** Opening MATERIALS PROVIDED block **
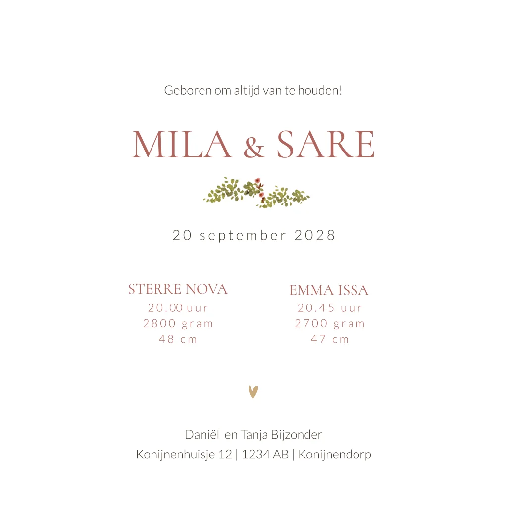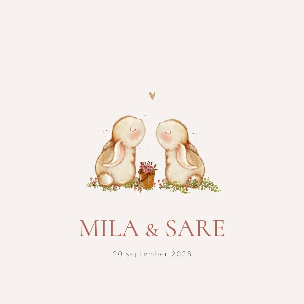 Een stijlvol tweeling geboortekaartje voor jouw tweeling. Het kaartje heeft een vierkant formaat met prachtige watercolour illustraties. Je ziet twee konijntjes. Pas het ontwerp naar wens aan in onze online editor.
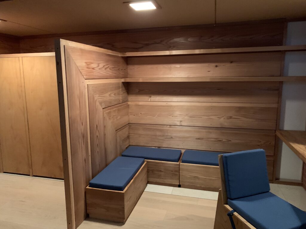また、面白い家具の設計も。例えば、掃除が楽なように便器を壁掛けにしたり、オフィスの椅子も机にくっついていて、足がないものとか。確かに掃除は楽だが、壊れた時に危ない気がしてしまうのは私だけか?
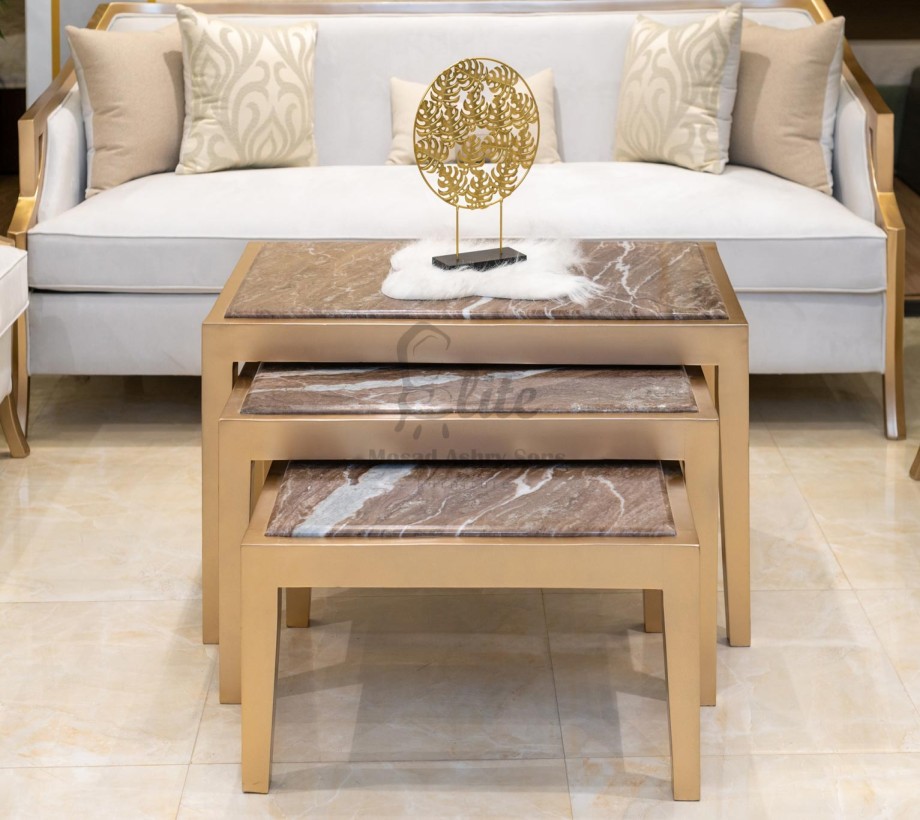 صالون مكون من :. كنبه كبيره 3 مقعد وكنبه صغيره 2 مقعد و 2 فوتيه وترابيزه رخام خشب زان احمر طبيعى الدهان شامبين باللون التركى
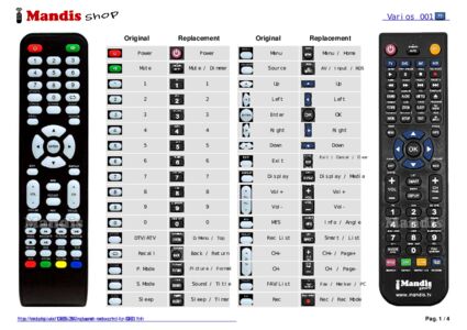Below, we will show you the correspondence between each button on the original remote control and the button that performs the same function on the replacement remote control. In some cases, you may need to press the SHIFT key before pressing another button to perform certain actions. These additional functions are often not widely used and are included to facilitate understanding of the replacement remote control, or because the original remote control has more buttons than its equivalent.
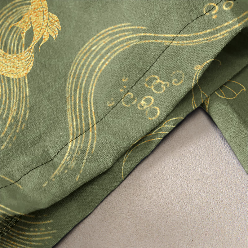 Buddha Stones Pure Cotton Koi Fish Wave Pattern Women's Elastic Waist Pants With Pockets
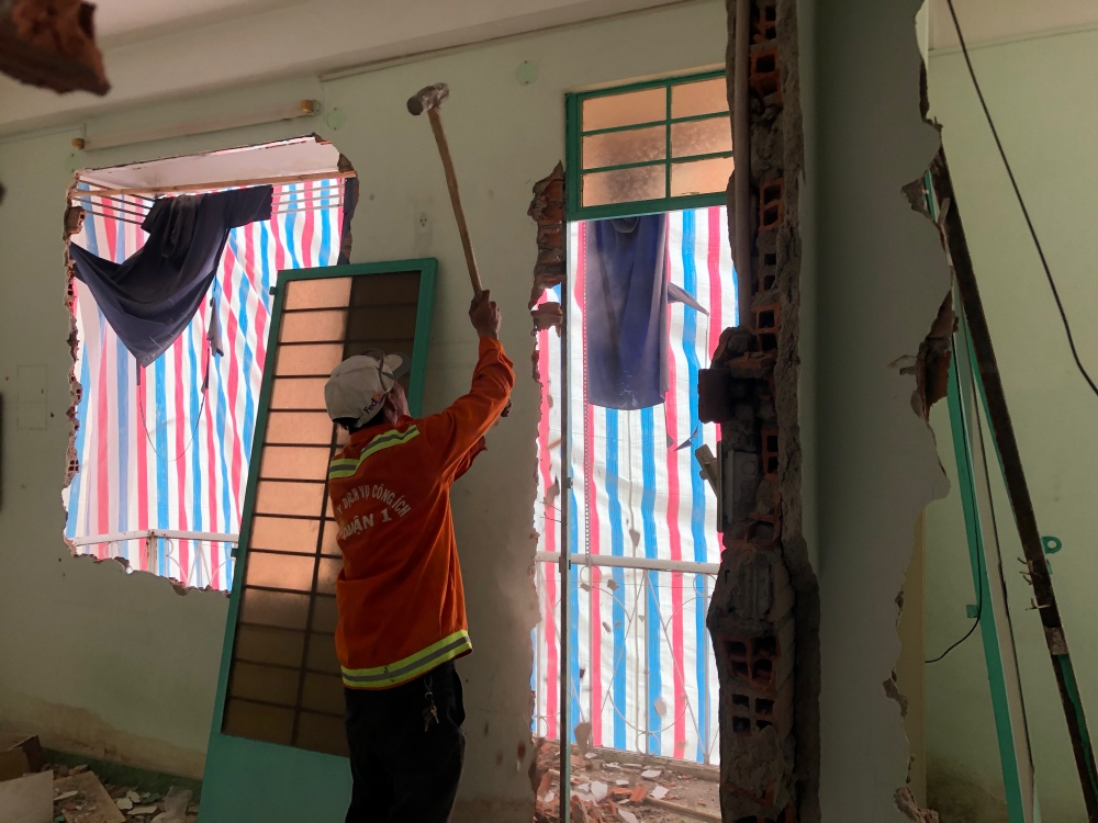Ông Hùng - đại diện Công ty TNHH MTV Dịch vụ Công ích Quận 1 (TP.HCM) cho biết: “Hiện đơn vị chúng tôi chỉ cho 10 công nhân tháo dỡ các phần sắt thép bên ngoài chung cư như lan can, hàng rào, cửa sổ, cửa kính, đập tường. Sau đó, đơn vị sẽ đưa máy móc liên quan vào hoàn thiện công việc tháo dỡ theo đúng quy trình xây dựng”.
** Closing MATERIALS PROVIDED block **
▶ [TASK OBJECTIVE] Return the records exactly. Don't carry the pictures over.

▶ [SOLUTION FOR THIS TASK]
 Een stijlvol tweeling geboortekaartje voor jouw tweeling. Het kaartje heeft een vierkant formaat met prachtige watercolour illustraties. Je ziet twee konijntjes. Pas het ontwerp naar wens aan in onze online editor.
また、面白い家具の設計も。例えば、掃除が楽なように便器を壁掛けにしたり、オフィスの椅子も机にくっついていて、足がないものとか。確かに掃除は楽だが、壊れた時に危ない気がしてしまうのは私だけか?
 صالون مكون من :. كنبه كبيره 3 مقعد وكنبه صغيره 2 مقعد و 2 فوتيه وترابيزه رخام خشب زان احمر طبيعى الدهان شامبين باللون التركى
Below, we will show you the correspondence between each button on the original remote control and the button that performs the same function on the replacement remote control. In some cases, you may need to press the SHIFT key before pressing another button to perform certain actions. These additional functions are often not widely used and are included to facilitate understanding of the replacement remote control, or because the original remote control has more buttons than its equivalent.
 Buddha Stones Pure Cotton Koi Fish Wave Pattern Women's Elastic Waist Pants With Pockets
Ông Hùng - đại diện Công ty TNHH MTV Dịch vụ Công ích Quận 1 (TP.HCM) cho biết: “Hiện đơn vị chúng tôi chỉ cho 10 công nhân tháo dỡ các phần sắt thép bên ngoài chung cư như lan can, hàng rào, cửa sổ, cửa kính, đập tường. Sau đó, đơn vị sẽ đưa máy móc liên quan vào hoàn thiện công việc tháo dỡ theo đúng quy trình xây dựng”.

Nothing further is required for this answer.